Retailers are turning the heat up on the Government to intervene in the credit insurance crisis.
Focus chief executive Bill Grimsey will meet a senior member of Business Secretary Lord Mandelson’s office next week to urge decisive and speedy measures.
Grimsey said: “British retailing should stand up for itself. Credit insurers should be held up for what they are – fair-weather friends. Government has to recognise that it needs to support retailing and the supplier base of this country.”
Retailers are still awaiting an announcement on the issue, which had been expected early this year.
The British Retail Consortium also wrote to Mandelson this week advocating government action on the issue, while the Association of Convenience Stores wrote to the Chancellor, Alistair Darling.
BRC director of business and environment Jane Milne said: “An announcement has been imminent for some time. It’s becoming incredibly urgent the Government acts.”
Last month Mandelson responded to a letter from Grimsey that highlighted the power credit insurers have over retailers. Mandelson replied that the Government was investigating the matter.
At next week’s meeting, Grimsey will suggest the Government should eventually take charge of the credit insurance market, with a regulated credit assessor being appointed.
Grimsey said that in the short term the Government needs to “urgently put a scheme in place” where it will underwrite credit insurance.
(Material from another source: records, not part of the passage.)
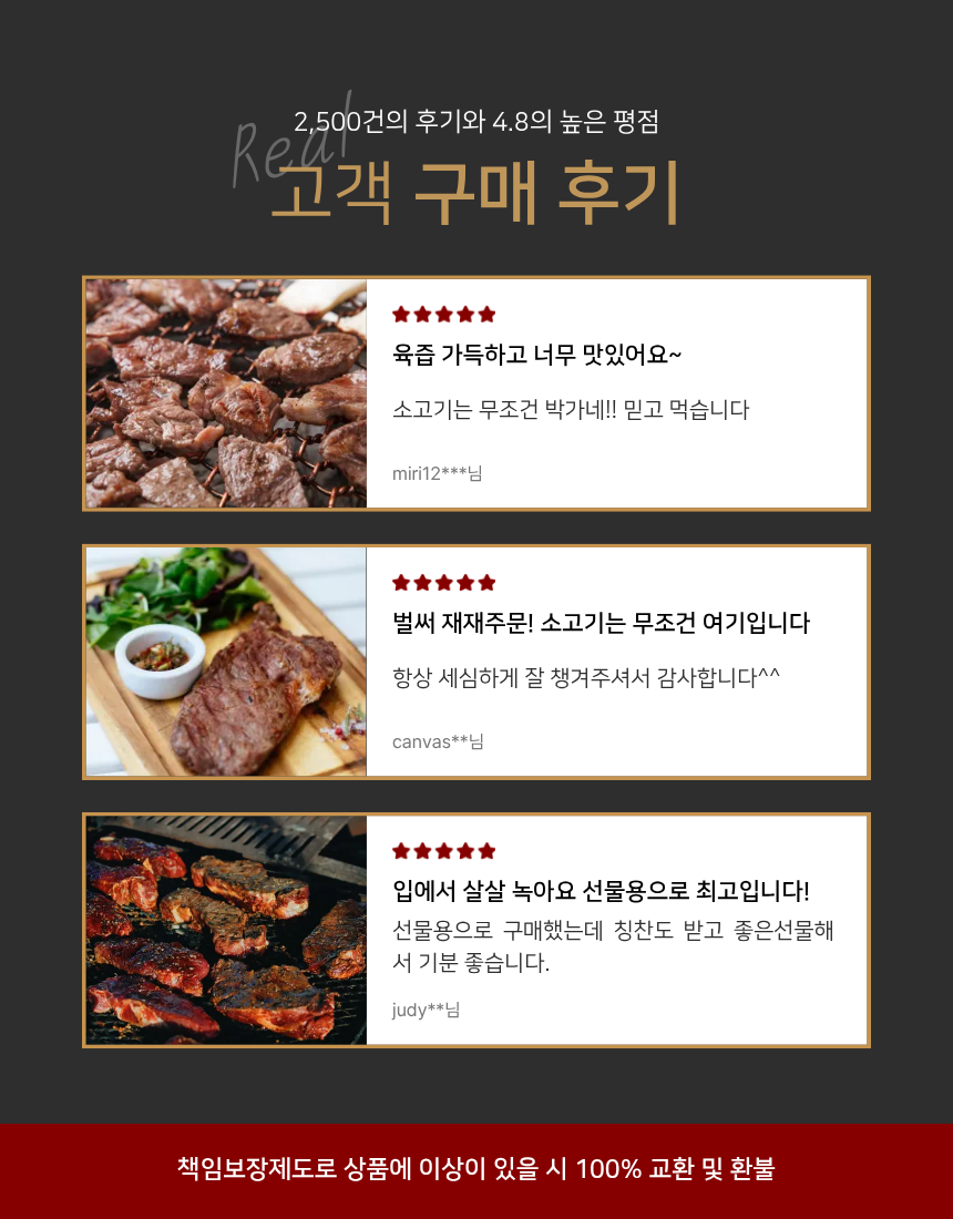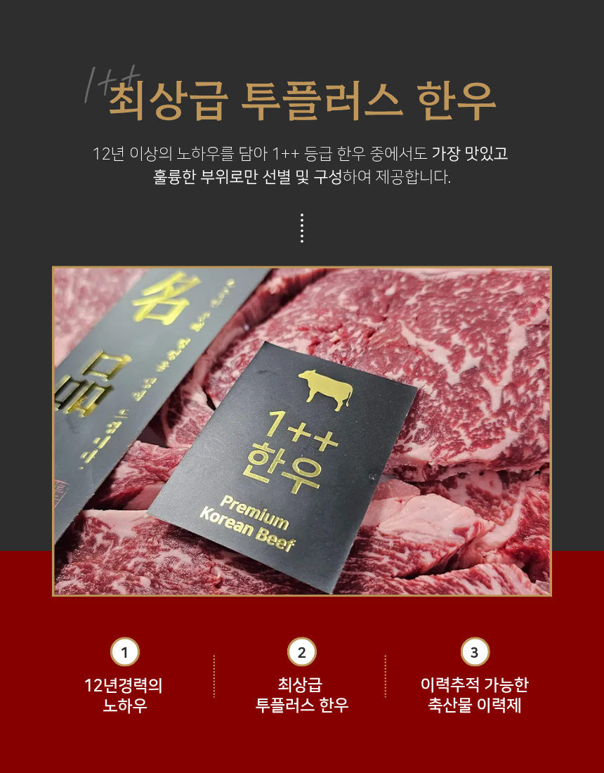 대한민국 국민이 사랑하는 1++등급 한우등심으로 이루어진 구이용 소고기입니다.
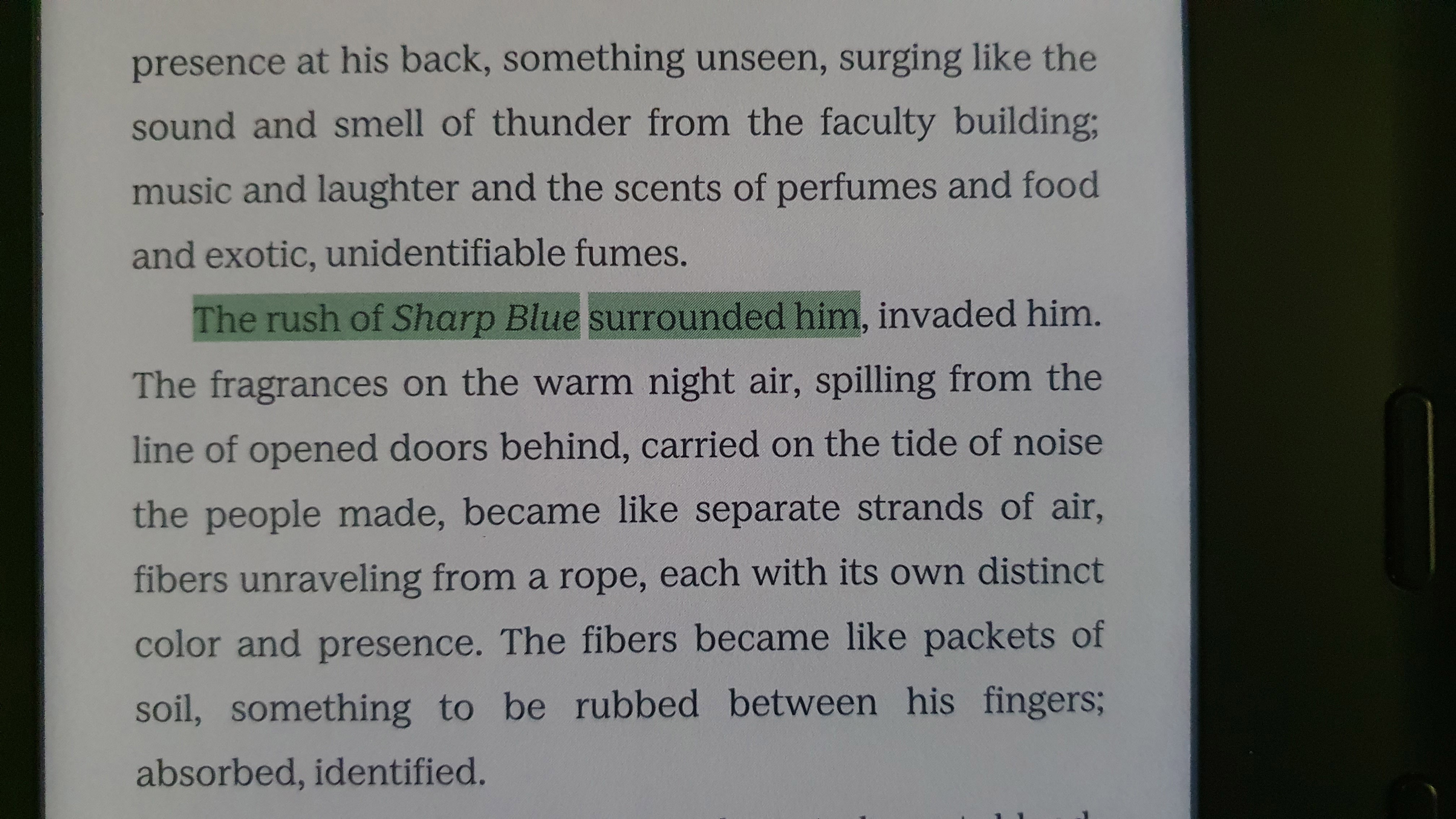 <p class="calibre5"><span class="koboSpan" id="kobo.52.1">The rush of </span><em class="calibre2"><span class="koboSpan" id="kobo.52.2">Sharp Blue</span></em> <span class="koboSpan" id="kobo.52.3">surrounded him, invaded him. </span><span class="koboSpan" id="kobo.52.4">The fragrances on the warm night air, spilling from the line of opened doors behind, carried </span><span class="koboSpan" id="kobo.52.5"> on the tide of noise the people made, became like separate strands of air, fibers unraveling from a rope, each with its own </span><span class="koboSpan" id="kobo.52.6"> distinct color and presence. </span><span class="koboSpan" id="kobo.52.7">The fibers became like packets of soil, something to be rubbed between his fingers; absorbed, </span><span class="koboSpan" id="kobo.52.8"> identified. </span></p> Code:
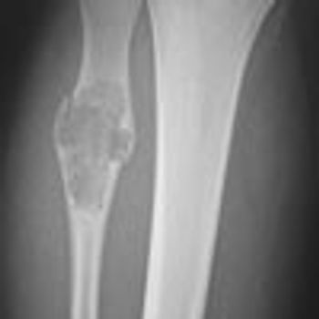 Right lower leg pain prompted a 15-year-old boy to seek medical attention. An hour earlier, he had fallen on the leg during a football game and on standing had heard a "pop." No gross abnormality was noted. Jack-Ky Wang, MD, and Laurie Meng, PA-C, of Palos Heights, Ill, report that radiographs revealed a transversing pathologic fracture through an expansile lytic lesion of the right fibula.
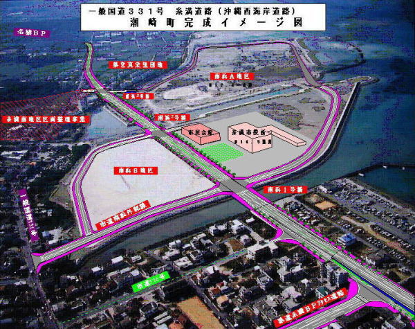 糸満道路が通過する糸満市潮崎地区(南浜埋立)では、平成14年5月に糸満市庁舎の移転が予定されており、このため南部国道事務所では新糸満市庁舎のアクセスの確保のため、本地区の整備を急いでいるところです。潮崎地区は市庁舎や市民会館などの市の中心施設や、住宅、商業地などによる新たな街が形成されることになり、新しい街づくりにあたっては、糸満市の歴史、文化や市民の生活や既存市街地との調和も必要となります。
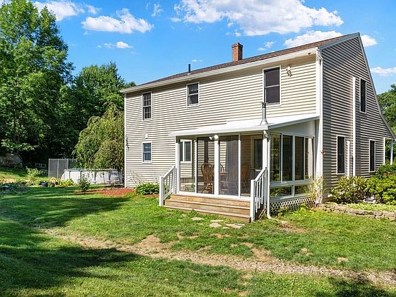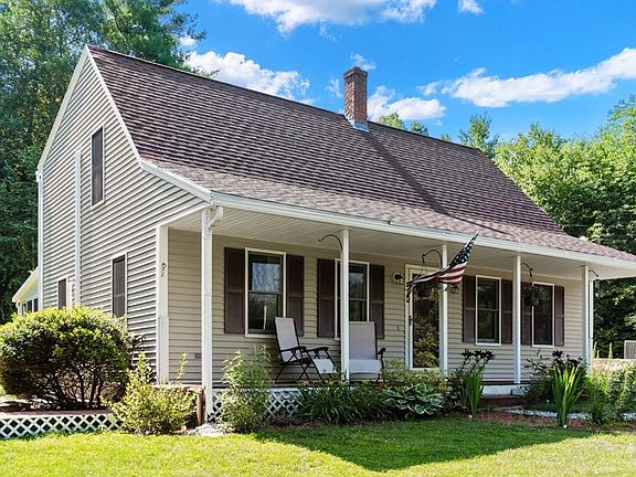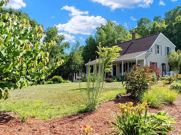 Fresh air and peace and quiet...so relaxing!! This fantastic 3 bedroom, 1.5 bath, Cape style home offers many updates. The front farmers porch is just where you want to be on a warm night. It connects to a huge patio and outdoor grilling area and has an enormous yard for fun family activities. There is a large open kitchen with newer appliances, loads of cabinets, counter space with counter seating and open eating area. Off the eating area is an enclosed porch with pellet stove. There is a living room and family room, one of which could offer a first floor bedroom. The main bedroom is incredibly large with lots of closet space and sitting/office area. There are two additional bedrooms and full bath. The basement has very high ceilings if someone wants to finish it. Enjoy Breezeland Orchards, Ragged Hill Cider Company, lakes, rivers and walking trails and close proximity to Old Sturbridge Village and Main Street restaurants including The Salem Cross Inn.

He will argue that credit insurers should be “subject to an inquiry because their due diligence and their explanations for their decisions are inadequate”.
He said: “We need to put credit insurers out of business. Their product is out of date and should be reassessed.”
Focus has written to its suppliers’ insurers informing them it will no longer allow them access to its accounts. Instead, Focus will provide financial information straight to suppliers.
UBS analyst Andy Hughes issued a note this week detailing a meeting he had with credit insurer Euler Hermes. In it he revealed the insurer suggested it is “only part-way through the withdrawal of credit from suppliers to UK and European retailers. The message for non-food retailers is the worst is yet to come”.
A Business, Enterprise & Regulatory Reform spokeswoman said: “It’s important we carry out a full analysis to ensure we deliver the type of help firms need while offering value for the taxpayer.”